Records from a data collection:
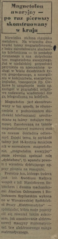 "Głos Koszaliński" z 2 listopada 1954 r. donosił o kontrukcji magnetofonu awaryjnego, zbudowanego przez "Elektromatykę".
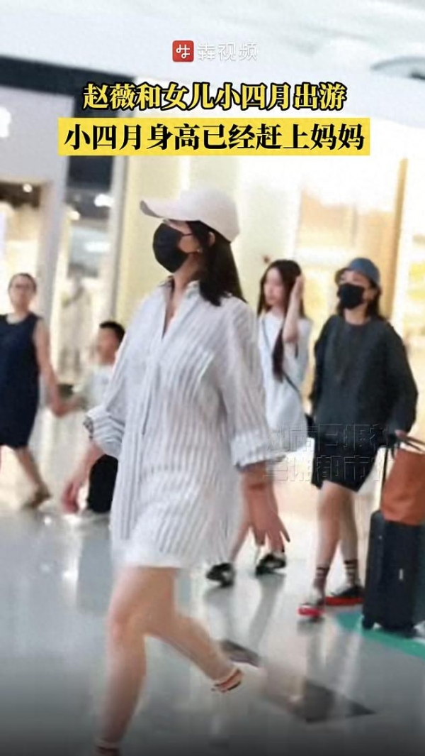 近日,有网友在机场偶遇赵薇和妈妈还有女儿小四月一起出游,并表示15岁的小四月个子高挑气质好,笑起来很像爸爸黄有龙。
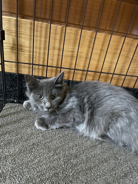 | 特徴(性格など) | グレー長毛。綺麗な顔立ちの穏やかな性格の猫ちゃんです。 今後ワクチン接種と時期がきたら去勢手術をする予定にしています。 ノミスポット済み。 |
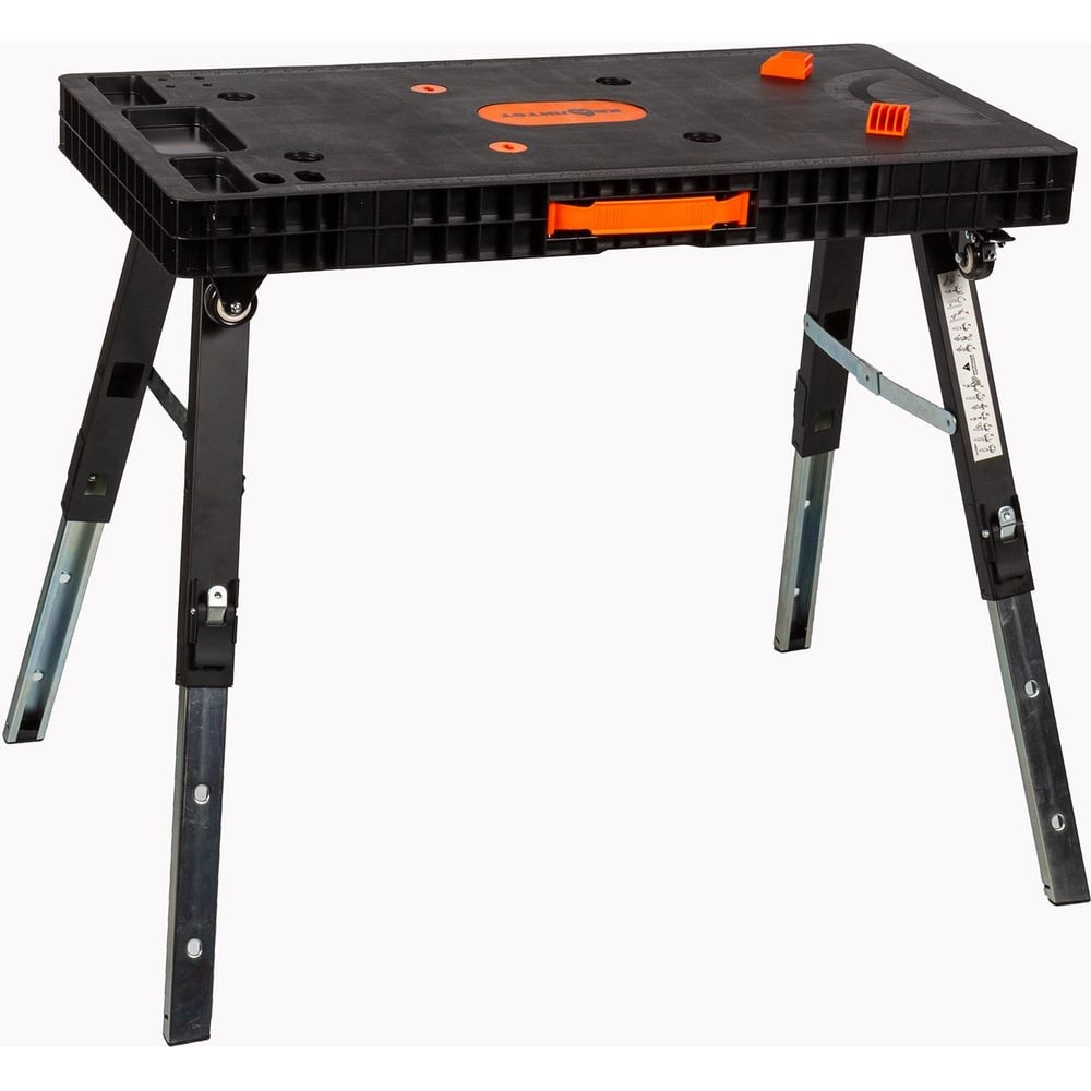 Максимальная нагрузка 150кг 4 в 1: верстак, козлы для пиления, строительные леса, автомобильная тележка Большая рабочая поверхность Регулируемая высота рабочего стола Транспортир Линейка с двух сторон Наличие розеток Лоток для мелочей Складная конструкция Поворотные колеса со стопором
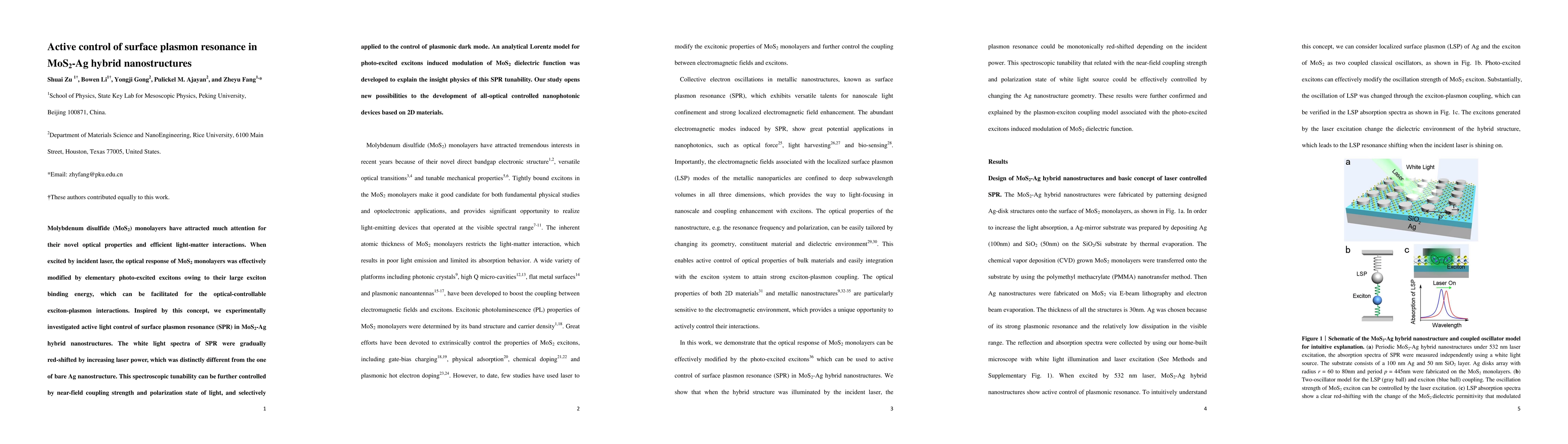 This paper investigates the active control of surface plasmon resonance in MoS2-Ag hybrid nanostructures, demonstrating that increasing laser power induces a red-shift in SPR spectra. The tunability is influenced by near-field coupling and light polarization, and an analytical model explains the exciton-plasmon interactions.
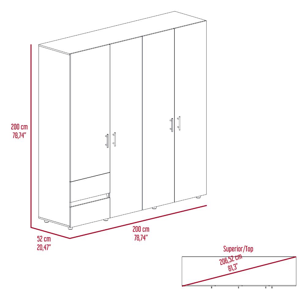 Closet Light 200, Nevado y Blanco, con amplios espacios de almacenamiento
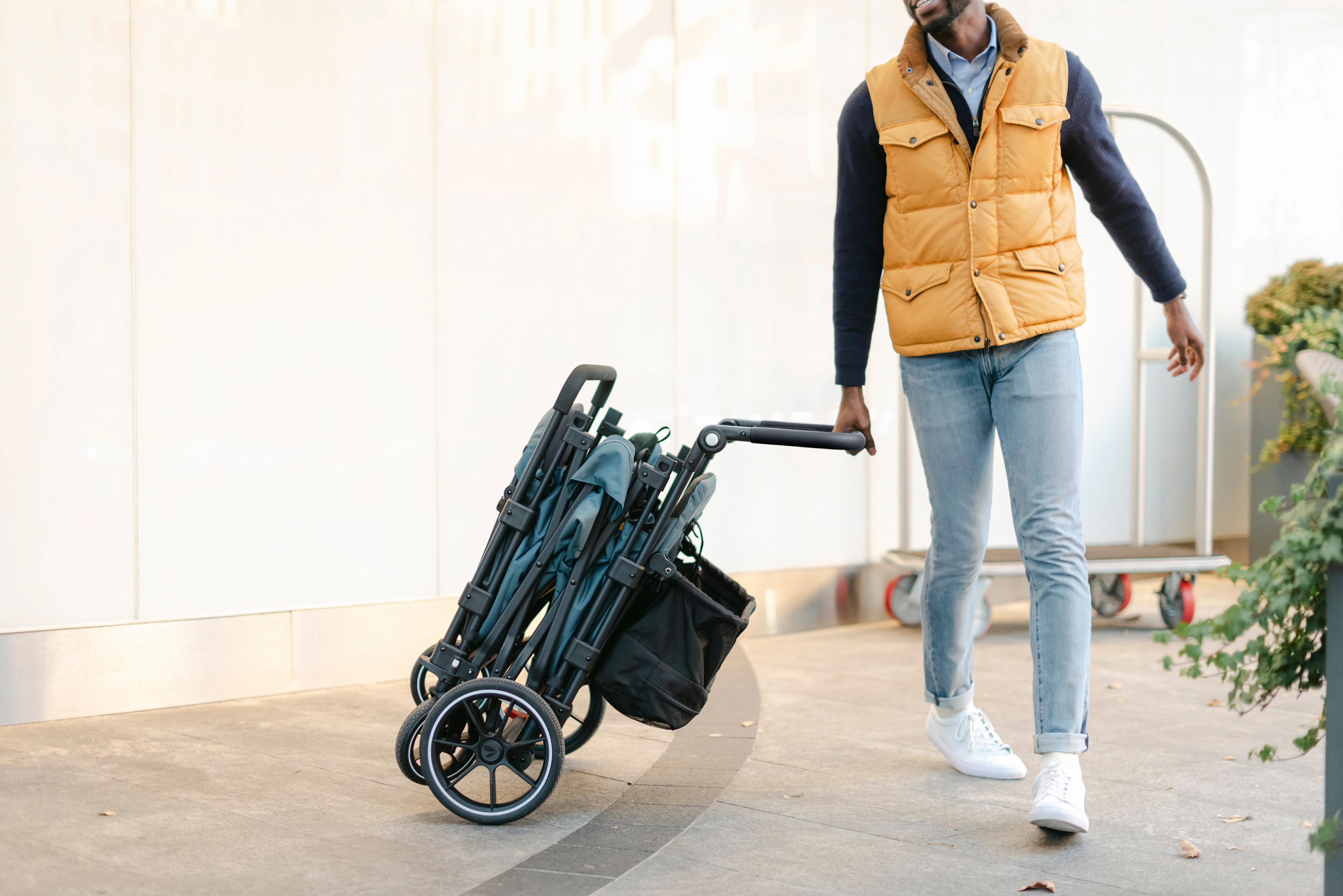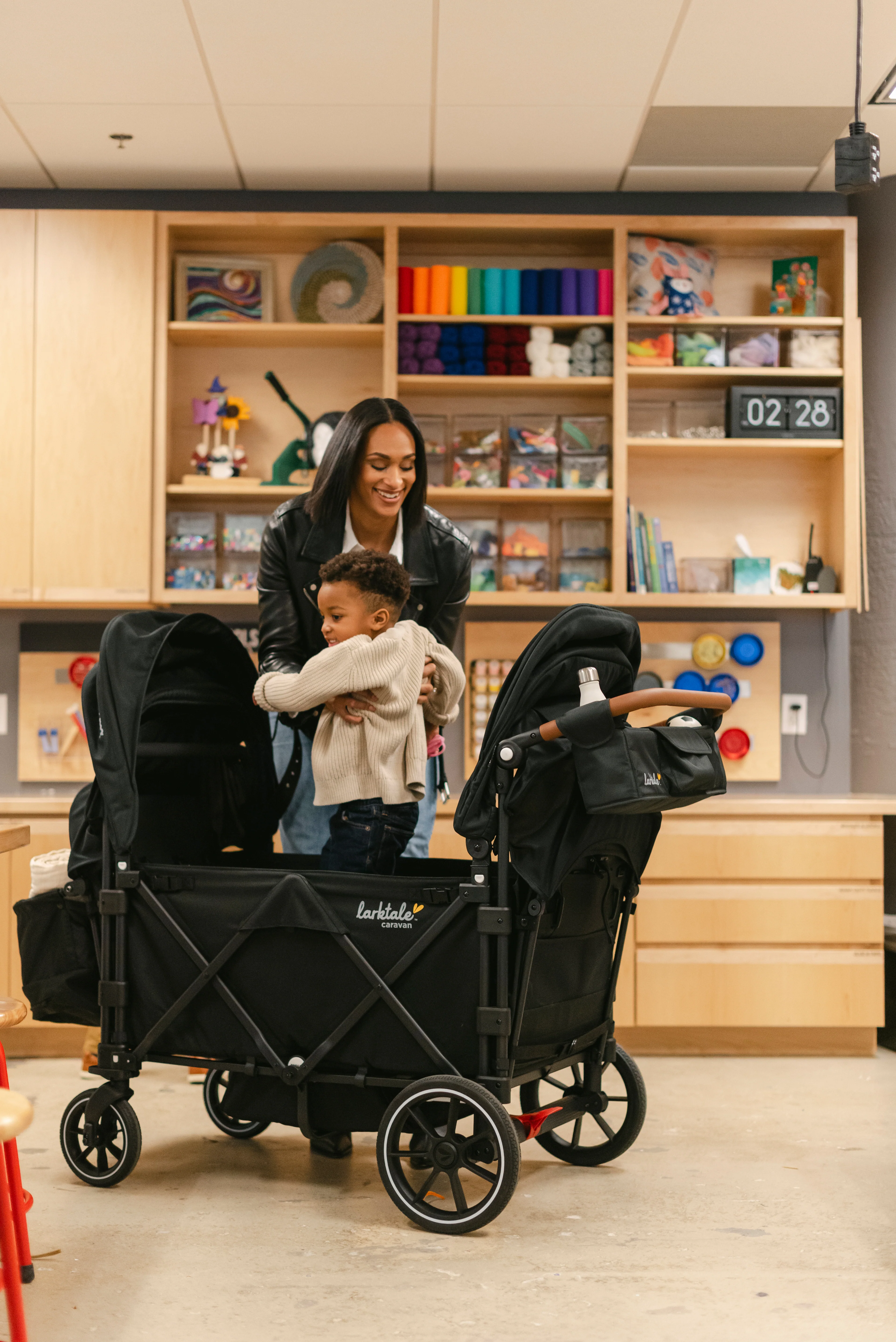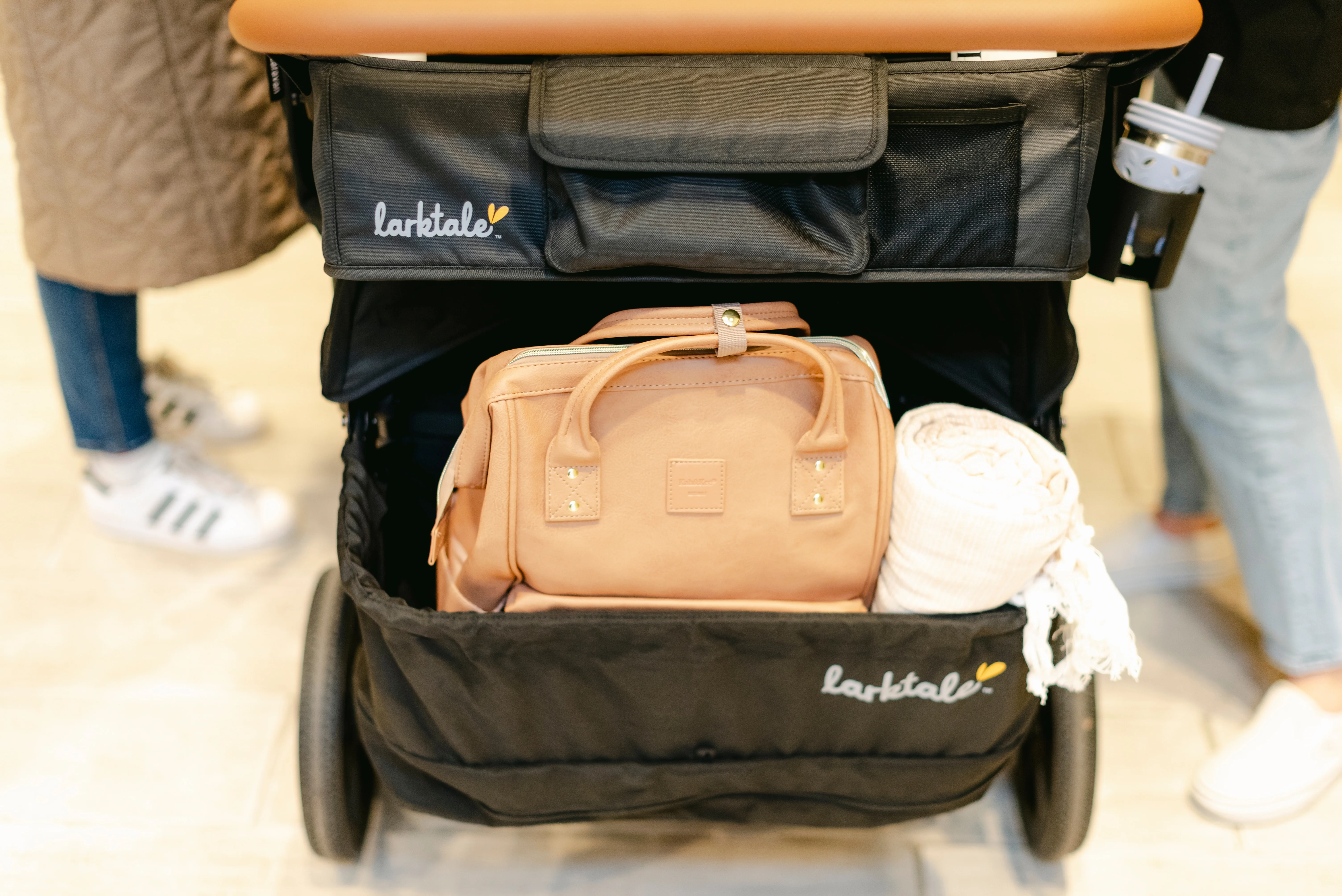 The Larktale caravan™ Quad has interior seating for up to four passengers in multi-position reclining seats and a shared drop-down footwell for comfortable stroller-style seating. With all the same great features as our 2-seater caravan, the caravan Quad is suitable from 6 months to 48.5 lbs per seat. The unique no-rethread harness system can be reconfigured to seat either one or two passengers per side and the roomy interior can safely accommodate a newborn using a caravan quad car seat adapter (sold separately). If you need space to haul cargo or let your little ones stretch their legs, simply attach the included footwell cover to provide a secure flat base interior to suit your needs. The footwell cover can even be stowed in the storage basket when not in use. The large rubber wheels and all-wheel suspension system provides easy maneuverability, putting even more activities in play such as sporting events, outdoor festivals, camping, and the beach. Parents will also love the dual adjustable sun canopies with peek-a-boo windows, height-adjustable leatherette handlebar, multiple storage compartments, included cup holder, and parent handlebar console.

What the task requires: Images must not appear; print each record precisely as it reads.

Solved exercise:
 "Głos Koszaliński" z 2 listopada 1954 r. donosił o kontrukcji magnetofonu awaryjnego, zbudowanego przez "Elektromatykę".
 近日,有网友在机场偶遇赵薇和妈妈还有女儿小四月一起出游,并表示15岁的小四月个子高挑气质好,笑起来很像爸爸黄有龙。
 | 特徴(性格など) | グレー長毛。綺麗な顔立ちの穏やかな性格の猫ちゃんです。 今後ワクチン接種と時期がきたら去勢手術をする予定にしています。 ノミスポット済み。 |
 Максимальная нагрузка 150кг 4 в 1: верстак, козлы для пиления, строительные леса, автомобильная тележка Большая рабочая поверхность Регулируемая высота рабочего стола Транспортир Линейка с двух сторон Наличие розеток Лоток для мелочей Складная конструкция Поворотные колеса со стопором
 This paper investigates the active control of surface plasmon resonance in MoS2-Ag hybrid nanostructures, demonstrating that increasing laser power induces a red-shift in SPR spectra. The tunability is influenced by near-field coupling and light polarization, and an analytical model explains the exciton-plasmon interactions.
 Closet Light 200, Nevado y Blanco, con amplios espacios de almacenamiento
 The Larktale caravan™ Quad has interior seating for up to four passengers in multi-position reclining seats and a shared drop-down footwell for comfortable stroller-style seating. With all the same great features as our 2-seater caravan, the caravan Quad is suitable from 6 months to 48.5 lbs per seat. The unique no-rethread harness system can be reconfigured to seat either one or two passengers per side and the roomy interior can safely accommodate a newborn using a caravan quad car seat adapter (sold separately). If you need space to haul cargo or let your little ones stretch their legs, simply attach the included footwell cover to provide a secure flat base interior to suit your needs. The footwell cover can even be stowed in the storage basket when not in use. The large rubber wheels and all-wheel suspension system provides easy maneuverability, putting even more activities in play such as sporting events, outdoor festivals, camping, and the beach. Parents will also love the dual adjustable sun canopies with peek-a-boo windows, height-adjustable leatherette handlebar, multiple storage compartments, included cup holder, and parent handlebar console.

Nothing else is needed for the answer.